Pre-admission virus detection during the COVID-19 pandemic in children with and without symptoms of infection

Acta Paediatr. 2024 Jul;113(7):1679-1684. doi: 10.1111/apa.17195. Epub 2024 Mar 6.

Abstract

Aim: Pre-admission viral screening is used only in exceptional situations such as pandemics. We therefore evaluated pre-admission screening for severe acute respiratory syndrome coronavirus 2 (SARS-CoV-2), respiratory syncytial virus (RSV) and influenza during the COVID-19 pandemic, comparing epidemiology and clinical features of admitted children.

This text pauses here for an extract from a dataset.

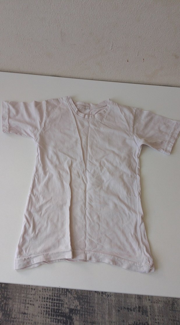 Pastel beyaz renkte, düz desenli, kısa kollu çocuk içlik tişörtü. Yumuşak ve rahat kumaştan üretilmiştir.

Methods: Children were screened at a paediatric emergency department from 1 March 2020 to 30 June 2022 by nasopharyngeal sampling and polymerase chain reaction kit. We retrospectively retrieved positive results from the laboratory and scrutinised charts of admitted children.

Results: Out of 15 927 screened children, 522, 127 and 572 were positive and admitted with RSV, influenza A or SARS-CoV-2, respectively. Of these, 29 (5.6%), 26 (24.1%) and 245 (44.8%) were incidental findings, lacking symptoms of infection. RSV and influenza A were initially absent but re-emerged in the autumn of 2021. The rate of COVID-19 rose when the Omicron variant emerged in December 2021. The median age of children with RSV was 0.3 years, of those with influenza A 6.7 years and of those with COVID-19 1.6 years. Major complications were rare.

Conclusion: Frequent incidental detections of SARS-CoV-2 likely reflected widespread presence of a mild infection. Clinically, COVID-19 was like other viral respiratory infections in children.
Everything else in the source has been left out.